Some hospitals have already closed their doors, and more will close their doors, reducing the total number of hospital beds available to those in the community!

When the nation's supply of physicians lags behind the growing elderly population and hospitals have to serve that increasing number of patients, health care services will certainly be limited. According to the Association of American Medical Colleges back in 2014, "America will face a shortage of more than 90,000 doctors in 10 years." There is no question that, in order to keep health care costs down, patients will see mostly physician-assistants and nurse practitioners providing primary care. Actually getting to see a physician has already become increasingly more difficult. Not seeing a physician can sometimes result in missed diagnoses, failure to treat in a timely manner, and earlier deaths — which is exactly what the utilitarian secular humanists running the government want.

For example, "employment of physician assistants was expected to grow by 39 percent from 2008 to 2018." And it has grown. To cut costs even more, if patients are chronically ill with more than one diagnosis, or very elderly, and enter the hospital more than twice, those patients are being referred for hospice or palliative care services to prevent more costly acute care hospital admissions. Hospice admission nurses routinely "troll" the halls in the hospitals and sign patients up even if they're not terminal! The admission of non-terminal patients to hospice has been widely publicized by the U.S. Office of Inspector General.

You may not realize this, but leaders in government of both political parties are promoting palliative and hospice care as the destination, your destination ... the end of the road in a patient's health care journey. There is no need for a group of doctors or government officials or others to be called a "death panel." Rationed care results in certain earlier death for many of the chronically ill, elderly and disabled. Interventions and treatment options, as well as denials, can be manipulated so that death is made to happen.

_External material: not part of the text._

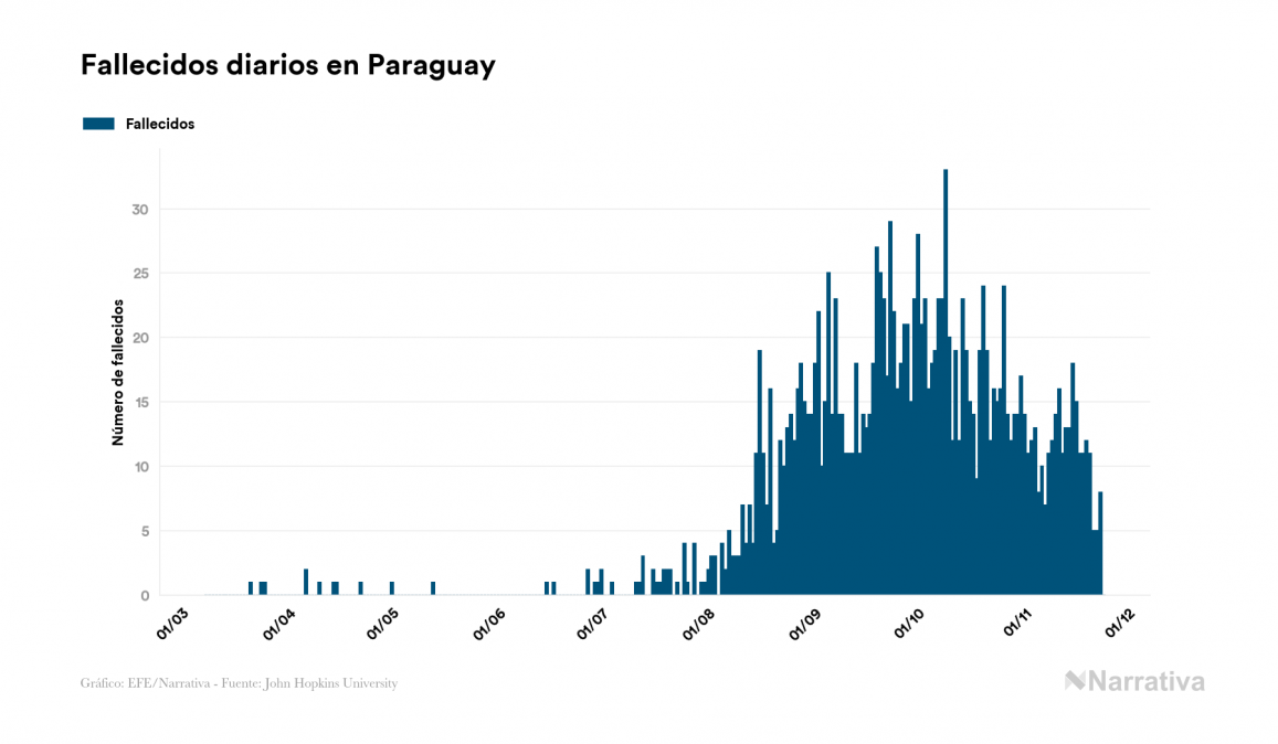 El nuevo coronavirus deja ya 77.072 casos de contagio en Paraguay, con 20.361 de ellos actualmente activos y 1.665 fallecidos, según los últimos datos correspondientes al 24 de noviembre. Además, un total de 55.046 personas ya se ha recuperado desde que se produjo el primer contagio en el país.

Simply removing stabilizing medications for the patient who has multiple - or even one - chronic condition(s) results in acute disease complications that physicians worked so hard to control. Once the patient's disease process is out of control — and intentionally so — death is invited. But, they can say, "We didn't actively kill the patient. It just happened." Hmm. If you believe that, you would be quite naive, but that you are naive or simply unaware of what is really happening has been intentional. Almost everything in this book and almost everything really happening in the industry is censored so you have not been informed and are therefore not prepared for the reality.

There is no one place to point the finger and say, "he" alone is responsible, or "that group" or "that government department" alone is responsible. It is much more sophisticated and complicated than that. There are webs and webs of interconnected efforts that have resulted in a massive wave sweeping over our land, something that has not happened overnight, though it may seem so. It's been coming for over seventy years. Americans have been quietly "asleep" while others have made war on traditional American values that affirm the value of each citizen's life. These have sought to change our healthcare system and have achieved success after success. Strangely, the public generally believes "the system" is just as life-affirming as it once was. It is not.

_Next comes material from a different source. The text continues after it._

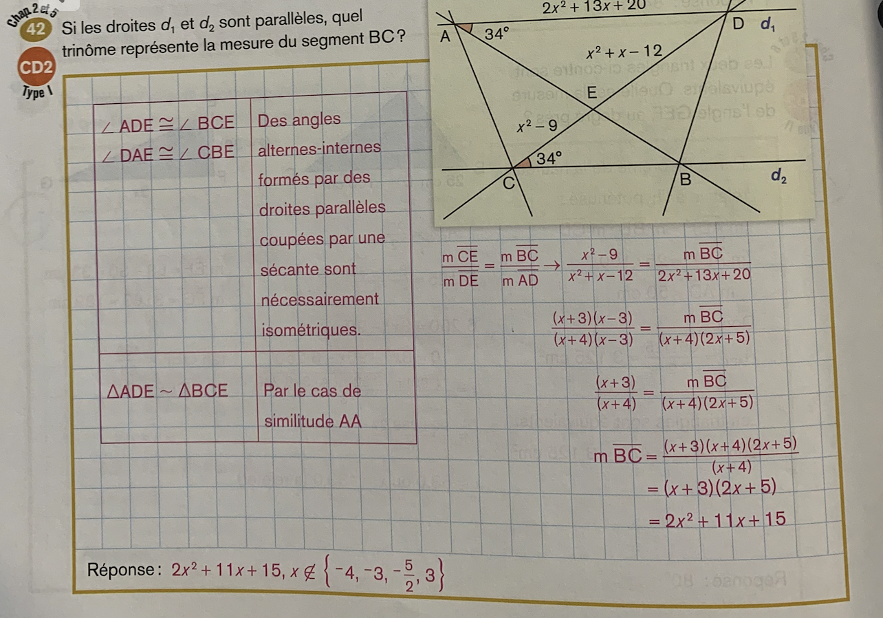 Secondaire 4 • 1aBonjour, dans ce problème, le corriger fait factoriser et ensuite réduire, mais moi j'ai fait une division polynomial, est-ce que ses toujours correct?

You must have noticed that there is much talk about "death and dying." Why? How come? Most of us don't want to think about "death and dying" even if some have been shouting the "death and dying" talk from the rooftops. There have been thousands of news articles and speakers all across the country promoting the wonders of hospice and end-of-life care, and there is much good that can be done when dedicated professionals make their best effort to relieve suffering at the end-of-life. However, there are others who have been very busy for about eighty years working in the background, training others and teaching in the universities, and even having their ideas inserted into public school curricula.

They've written sections of textbook after textbook or controlled the slant of content used to train physicians, nurses, other health care professionals, attorneys, and therefore some of the judges who eventually serve on the courts, until they have succeeded in changing how the powerful-to-be think and act ... how they view the world from deep within. And a few generations later, the indoctrinated are the powerful. In most medical schools — contrary to what most of us have thought — the Hippocratic Oath for graduating physicians has been discarded completely. Our society and healthcare system in particular are experiencing the last stages of their grand project: changing completely how Americans live, how they view death and dying, and how they actually die. You know this, don't you? But what are the implications for you and your loved ones? What does it really mean?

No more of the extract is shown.